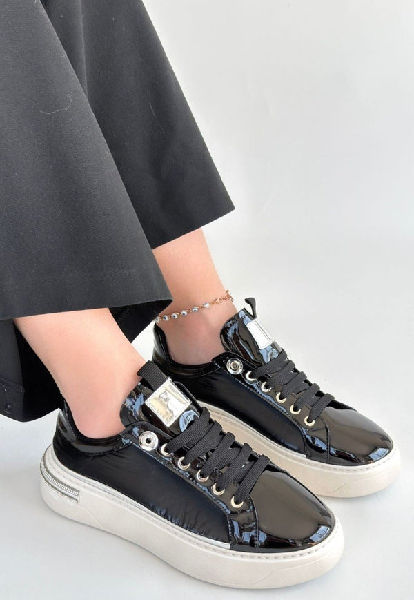 Scarpax Hley Siyah Bağcıklı Ortapedik Spor Ayakkabı, şıklığı ve konforu bir araya getiriyor. Spor yaparken veya günlük aktivitelerinizde tarzınızı korumanıza olanak tanır.
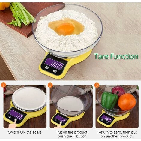 Features: Brushed stainless steel weighing pan. Clear LCD display with purple backlight. g, oz, lb, 3 switchable weighing units. Non-slip bottom. Accurate electronic kitchen scale. Multi-function functions of tare function, 60 seconds auto power off and overload protection.Features: Capacity: Black-5kg/1g, Yellow-3kg/0.1g (optional)! Material: ABS+stainless steel Unit: g, oz, lb Power supply: 2*1.5V AAA battery (not included) Display screen size liquid crystal: 4.8 * 1.8cm / 1.89 * 0.71in! Pan diameter: 12.5cm / 4.92in Item size: 18 * 13.5 * 2.6cm / 7.09 * 5.31 * 1.02in Item weight: 196g / 6.91 oz Package Weight: 264g / 9.31oz! Package Size: 18.3 * 15.5 * 3.7cm / 7.20 * 6.10 * 1.46in Package List: 1 * Scale 1 * Manual (English)Package List: 1 * Scale 1 * Manual (English)
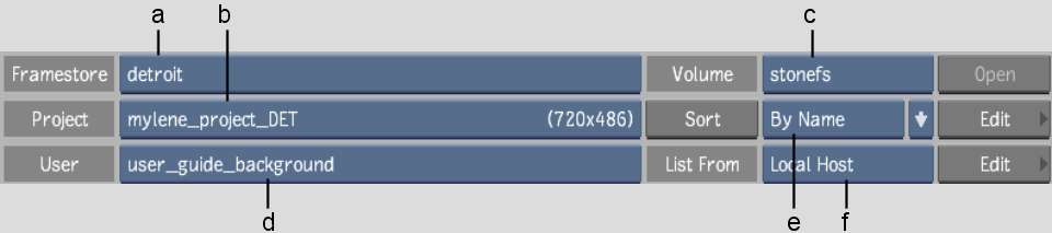 (a) Framestore box (b) Project box (c) Volume box (d) User box (e) Sort Order box (f) Host box
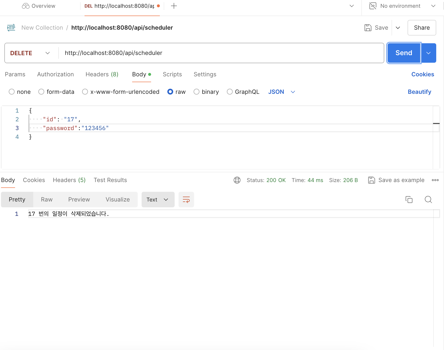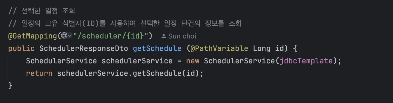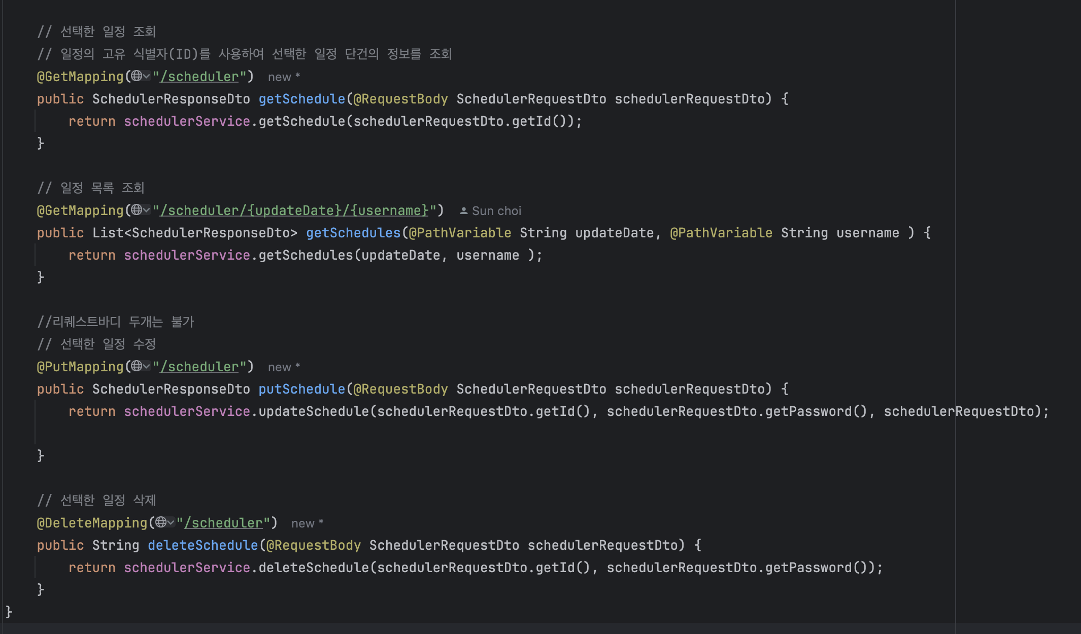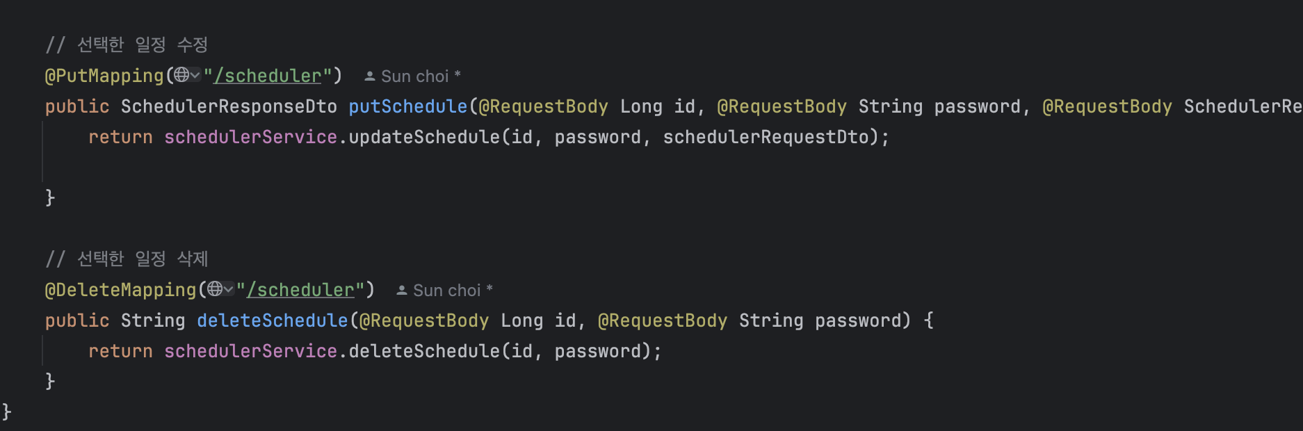 선택한 일정 조회, 일정 수정, 삭제 시 id와 password를 받는데 그 때 PathVariable 방식을 썼던 걸 문제점을 파악하고 RequestBody로 변경해 바디값 안에 넣어주려고 했다.

_ _ _

Work to be completed - Please reproduce the lines exactly from the one containing "(a) Framestore box" through the last line of the data above, and keep the pictures out.

Task response -
 (a) Framestore box (b) Project box (c) Volume box (d) User box (e) Sort Order box (f) Host box
 선택한 일정 조회, 일정 수정, 삭제 시 id와 password를 받는데 그 때 PathVariable 방식을 썼던 걸 문제점을 파악하고 RequestBody로 변경해 바디값 안에 넣어주려고 했다.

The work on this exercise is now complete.